[Collected data]

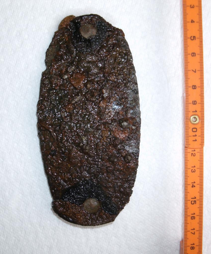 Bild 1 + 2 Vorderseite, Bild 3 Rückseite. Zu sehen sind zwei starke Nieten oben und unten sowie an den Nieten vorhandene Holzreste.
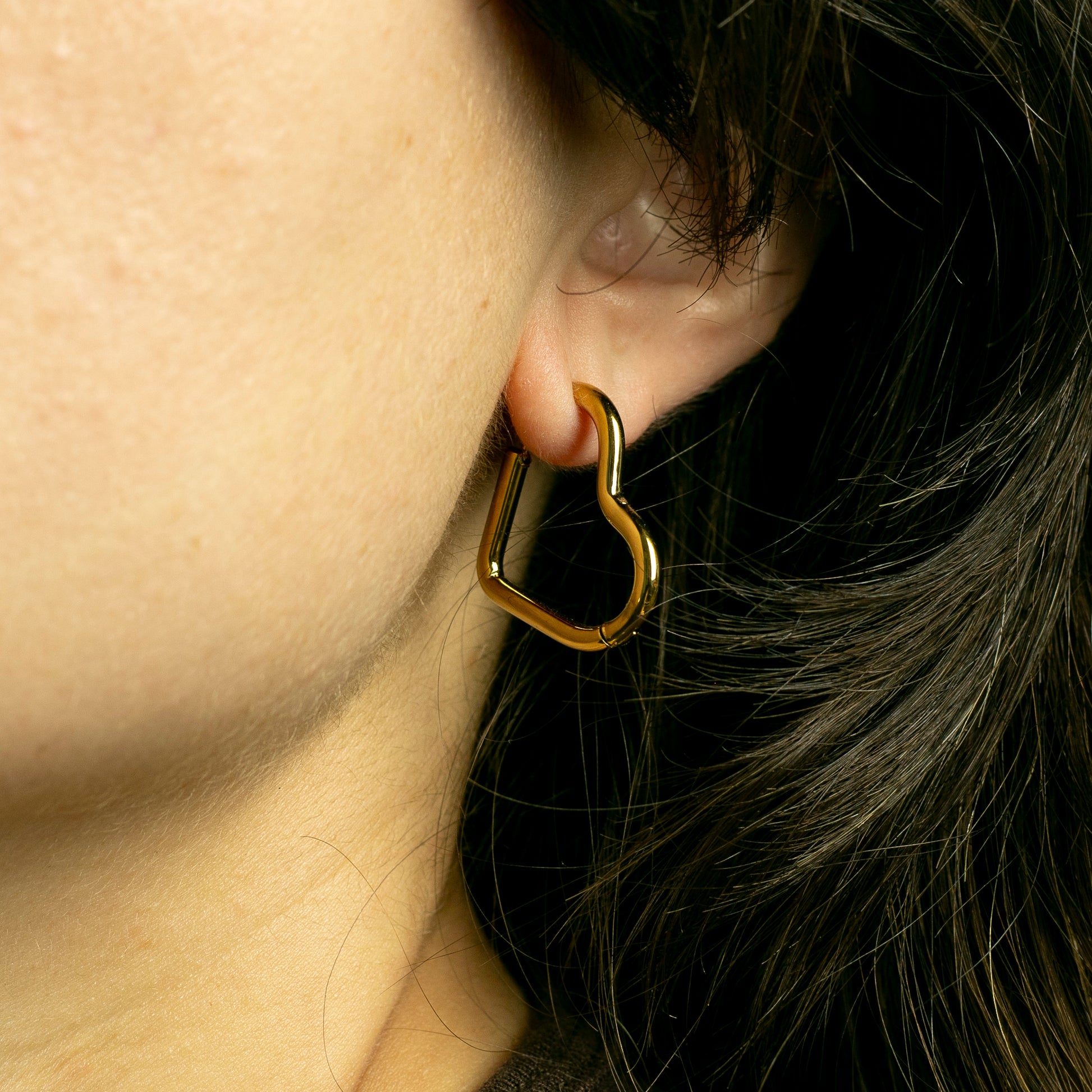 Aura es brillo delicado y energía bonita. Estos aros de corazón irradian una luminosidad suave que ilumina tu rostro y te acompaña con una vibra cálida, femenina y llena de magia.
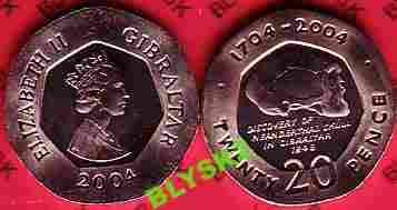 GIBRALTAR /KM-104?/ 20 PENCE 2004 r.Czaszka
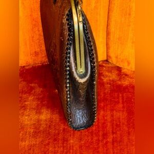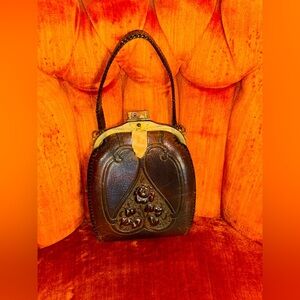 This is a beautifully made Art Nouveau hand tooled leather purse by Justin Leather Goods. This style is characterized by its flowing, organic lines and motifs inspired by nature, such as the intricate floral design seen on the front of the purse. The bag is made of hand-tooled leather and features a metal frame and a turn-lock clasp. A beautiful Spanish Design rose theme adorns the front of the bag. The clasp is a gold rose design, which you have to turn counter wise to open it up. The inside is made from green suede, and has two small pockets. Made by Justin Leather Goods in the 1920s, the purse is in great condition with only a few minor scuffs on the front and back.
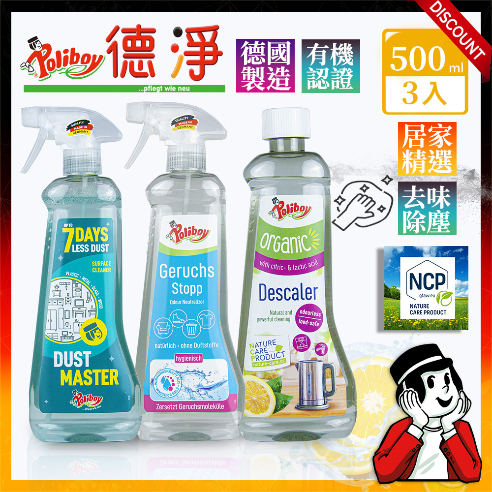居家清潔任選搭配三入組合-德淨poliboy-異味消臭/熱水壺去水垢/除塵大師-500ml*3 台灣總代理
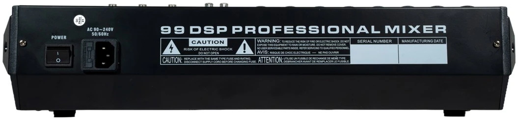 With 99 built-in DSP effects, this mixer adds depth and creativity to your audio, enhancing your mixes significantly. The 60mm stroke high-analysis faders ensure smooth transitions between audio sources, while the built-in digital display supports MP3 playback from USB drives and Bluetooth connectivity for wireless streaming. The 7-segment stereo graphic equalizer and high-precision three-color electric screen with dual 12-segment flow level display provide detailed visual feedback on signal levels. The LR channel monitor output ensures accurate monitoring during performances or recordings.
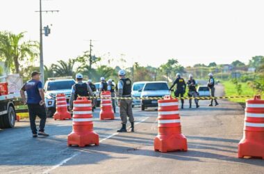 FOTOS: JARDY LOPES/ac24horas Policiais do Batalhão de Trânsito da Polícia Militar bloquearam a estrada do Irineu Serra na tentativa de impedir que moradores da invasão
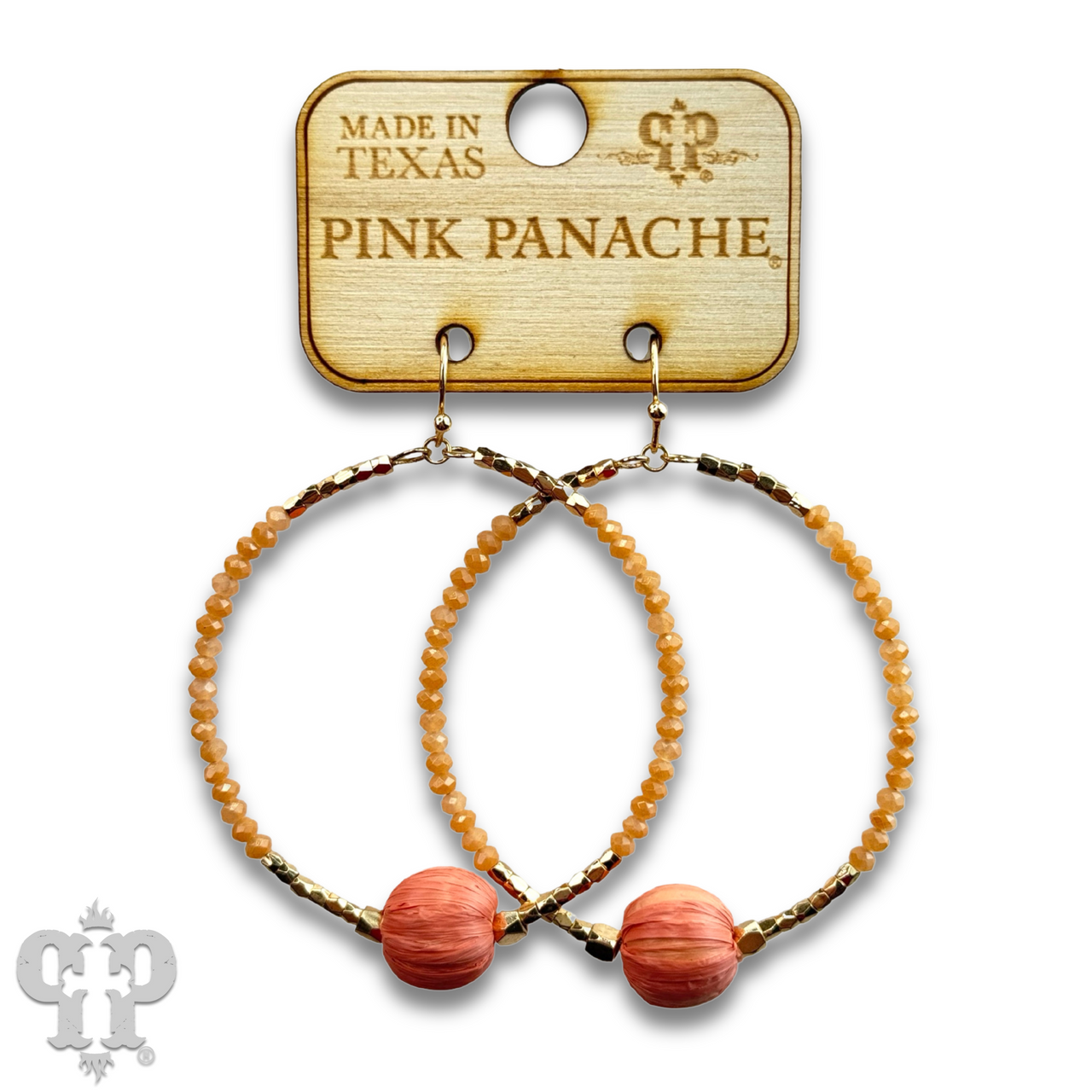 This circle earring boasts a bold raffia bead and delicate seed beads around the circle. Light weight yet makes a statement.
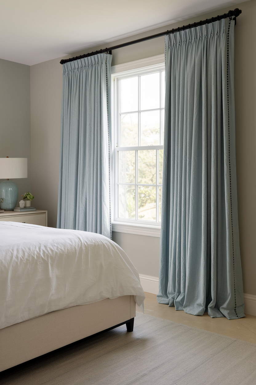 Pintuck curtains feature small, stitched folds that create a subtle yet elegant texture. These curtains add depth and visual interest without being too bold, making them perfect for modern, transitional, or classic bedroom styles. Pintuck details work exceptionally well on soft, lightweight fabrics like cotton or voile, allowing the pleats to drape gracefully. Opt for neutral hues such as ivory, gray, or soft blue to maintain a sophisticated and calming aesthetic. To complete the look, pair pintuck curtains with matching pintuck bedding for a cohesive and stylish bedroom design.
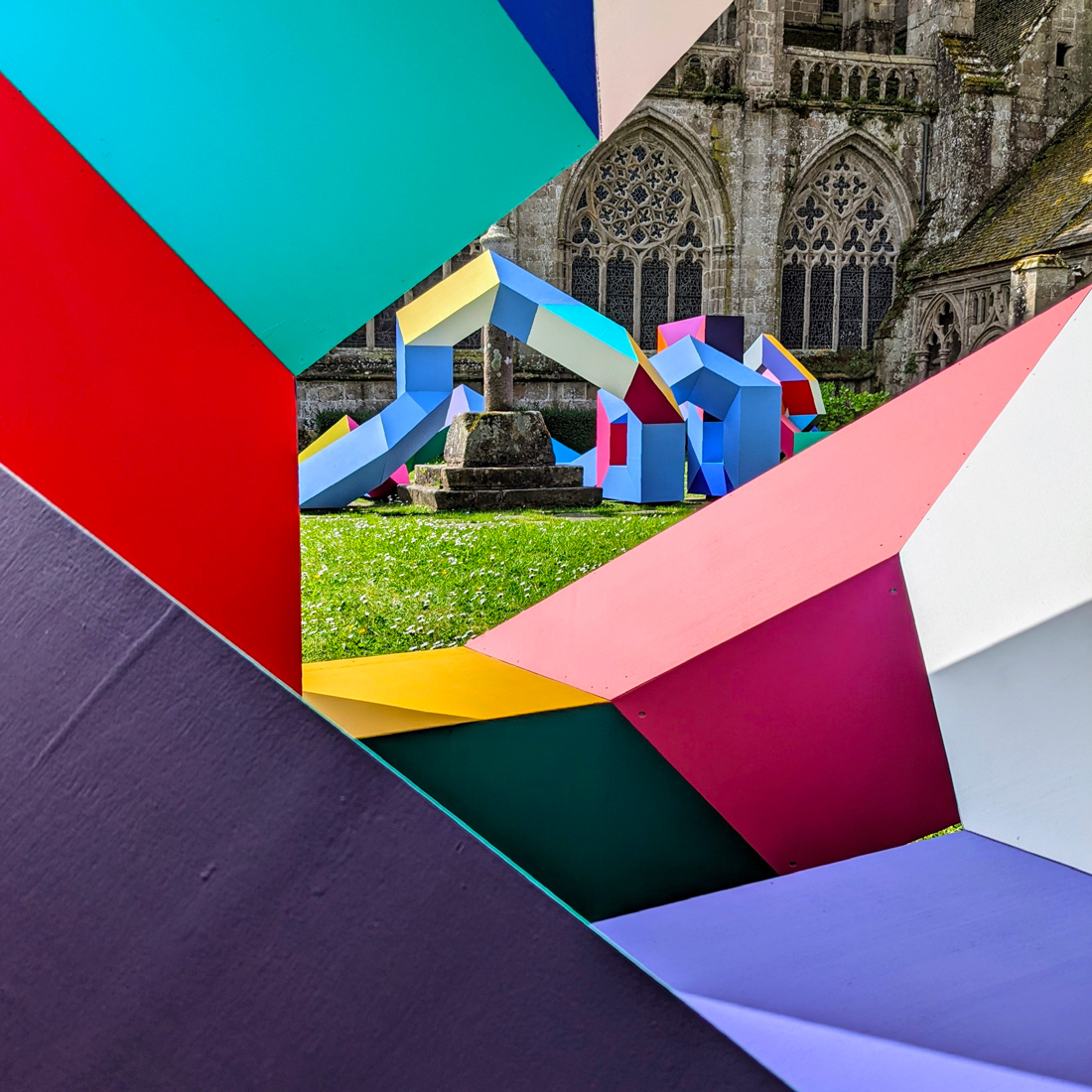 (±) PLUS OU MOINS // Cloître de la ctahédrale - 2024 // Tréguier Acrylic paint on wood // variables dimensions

- **Work to complete**
Output the data above exactly, beginning at its first line and ending with the line that holds "GIBRALTAR /KM-104?/ 20 PENCE 2004 r.Czaszka". Leave out the pictures and add nothing.

- **Task output**
 Bild 1 + 2 Vorderseite, Bild 3 Rückseite. Zu sehen sind zwei starke Nieten oben und unten sowie an den Nieten vorhandene Holzreste.
 Aura es brillo delicado y energía bonita. Estos aros de corazón irradian una luminosidad suave que ilumina tu rostro y te acompaña con una vibra cálida, femenina y llena de magia.
 GIBRALTAR /KM-104?/ 20 PENCE 2004 r.Czaszka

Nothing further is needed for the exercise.